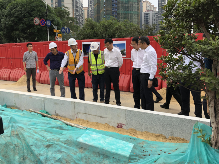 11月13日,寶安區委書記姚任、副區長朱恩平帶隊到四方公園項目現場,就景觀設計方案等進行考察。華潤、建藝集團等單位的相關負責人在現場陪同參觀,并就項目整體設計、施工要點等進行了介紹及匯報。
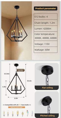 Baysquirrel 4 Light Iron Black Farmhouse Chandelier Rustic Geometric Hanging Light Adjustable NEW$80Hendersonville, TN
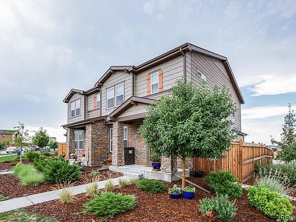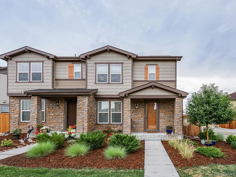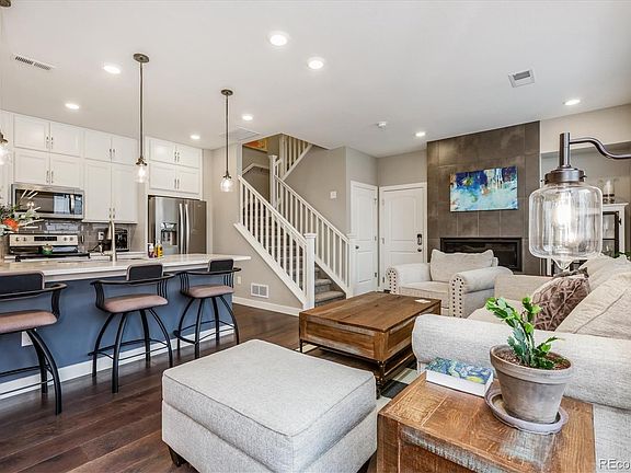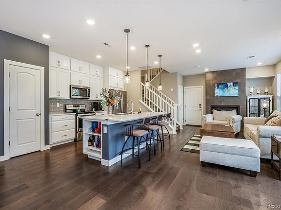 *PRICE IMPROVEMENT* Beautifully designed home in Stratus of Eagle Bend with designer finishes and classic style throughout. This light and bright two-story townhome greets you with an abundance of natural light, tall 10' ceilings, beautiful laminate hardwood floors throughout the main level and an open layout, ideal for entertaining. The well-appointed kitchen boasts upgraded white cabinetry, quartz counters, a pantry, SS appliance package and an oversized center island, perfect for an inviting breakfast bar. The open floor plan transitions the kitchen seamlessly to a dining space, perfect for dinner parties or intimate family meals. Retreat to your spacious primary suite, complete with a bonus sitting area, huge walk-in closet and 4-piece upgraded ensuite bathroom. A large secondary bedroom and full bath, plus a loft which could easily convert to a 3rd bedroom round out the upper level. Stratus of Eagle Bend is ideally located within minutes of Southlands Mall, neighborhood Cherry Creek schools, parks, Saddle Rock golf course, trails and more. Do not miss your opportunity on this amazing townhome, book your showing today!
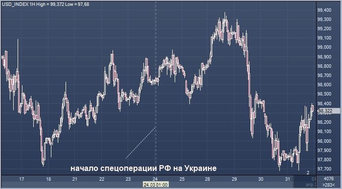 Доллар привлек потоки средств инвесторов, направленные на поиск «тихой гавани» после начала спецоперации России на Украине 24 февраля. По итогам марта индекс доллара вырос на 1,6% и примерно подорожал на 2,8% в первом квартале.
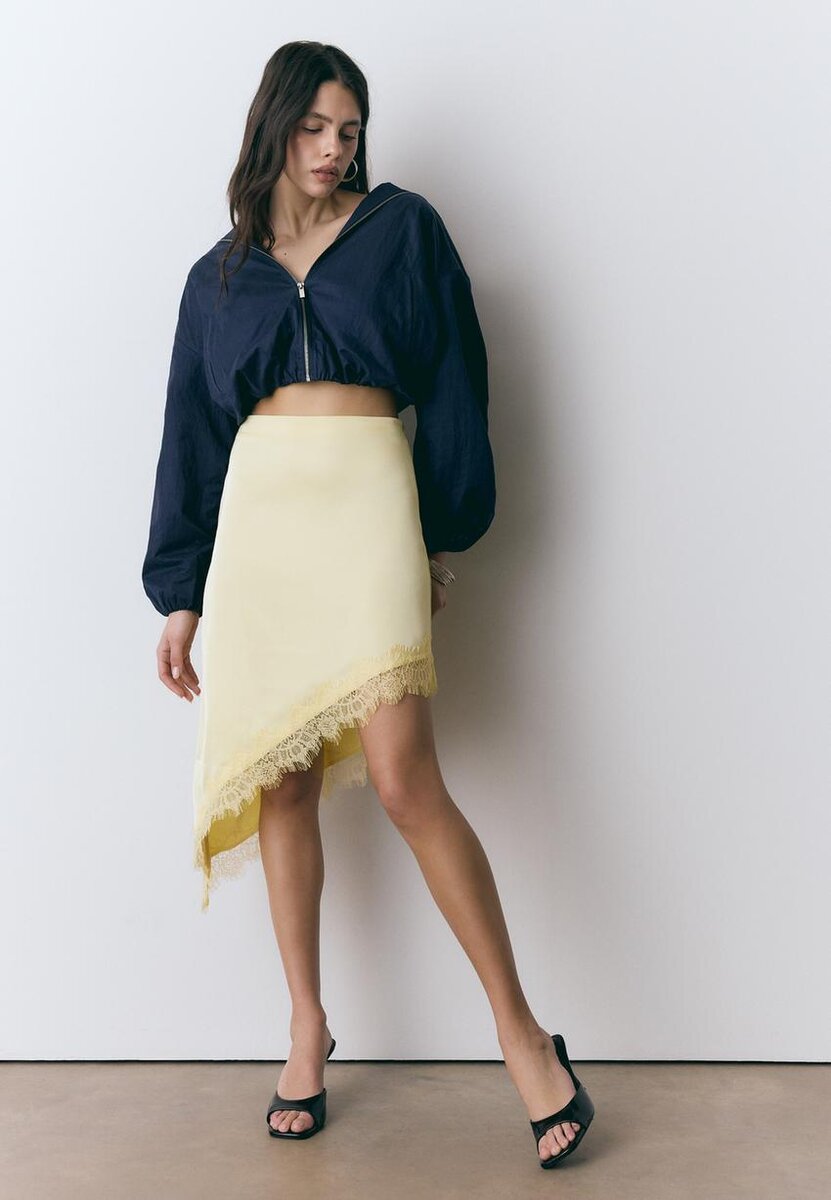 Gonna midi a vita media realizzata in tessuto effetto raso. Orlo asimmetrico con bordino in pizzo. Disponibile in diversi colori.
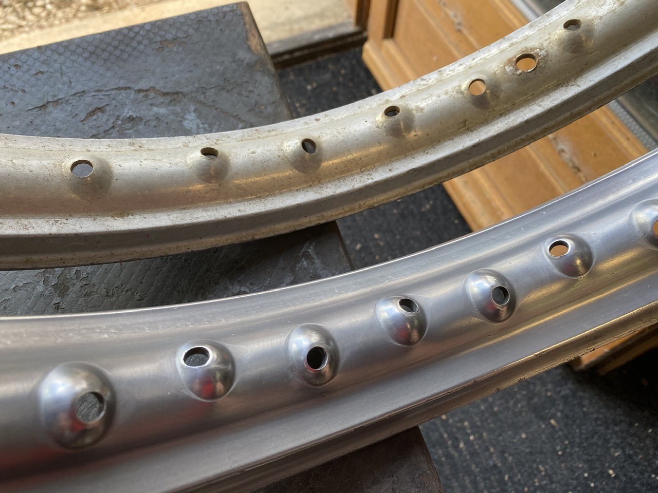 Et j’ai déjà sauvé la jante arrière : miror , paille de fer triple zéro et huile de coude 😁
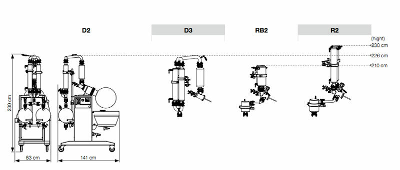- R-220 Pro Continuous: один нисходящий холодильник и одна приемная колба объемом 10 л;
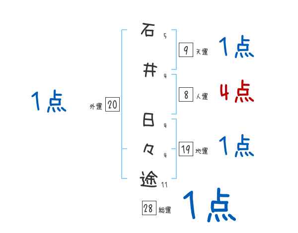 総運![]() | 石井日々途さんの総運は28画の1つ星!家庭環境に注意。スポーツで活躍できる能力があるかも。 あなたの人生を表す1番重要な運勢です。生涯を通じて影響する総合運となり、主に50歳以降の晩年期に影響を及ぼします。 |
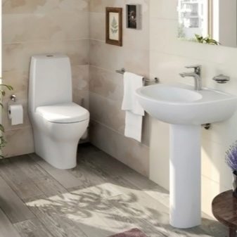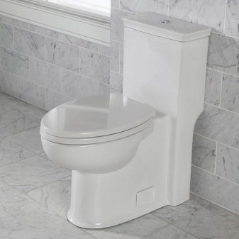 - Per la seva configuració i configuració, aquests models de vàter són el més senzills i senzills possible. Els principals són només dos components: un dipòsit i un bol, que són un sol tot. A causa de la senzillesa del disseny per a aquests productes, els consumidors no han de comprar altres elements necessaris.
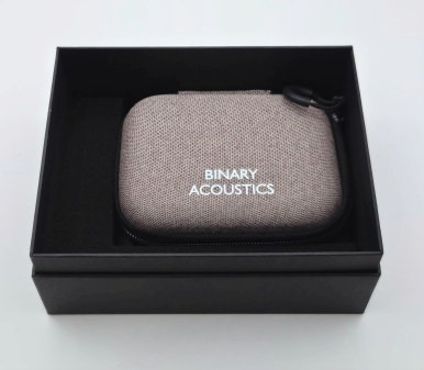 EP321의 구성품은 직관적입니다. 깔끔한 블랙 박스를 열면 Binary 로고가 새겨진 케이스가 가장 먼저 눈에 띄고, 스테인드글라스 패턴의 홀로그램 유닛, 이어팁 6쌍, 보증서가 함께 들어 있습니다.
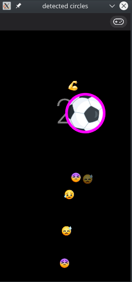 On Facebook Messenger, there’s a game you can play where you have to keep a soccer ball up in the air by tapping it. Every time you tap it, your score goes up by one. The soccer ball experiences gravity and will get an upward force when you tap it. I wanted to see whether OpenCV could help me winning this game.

__________________________________________________

WORK INSTRUCTIONS:
Leave out the pictures and repeat exactly the lines from the first line of the data through the line containing "Baysquirrel 4 Light". Add nothing else.

TASK RESPONSE:
 11月13日,寶安區委書記姚任、副區長朱恩平帶隊到四方公園項目現場,就景觀設計方案等進行考察。華潤、建藝集團等單位的相關負責人在現場陪同參觀,并就項目整體設計、施工要點等進行了介紹及匯報。
 Baysquirrel 4 Light Iron Black Farmhouse Chandelier Rustic Geometric Hanging Light Adjustable NEW$80Hendersonville, TN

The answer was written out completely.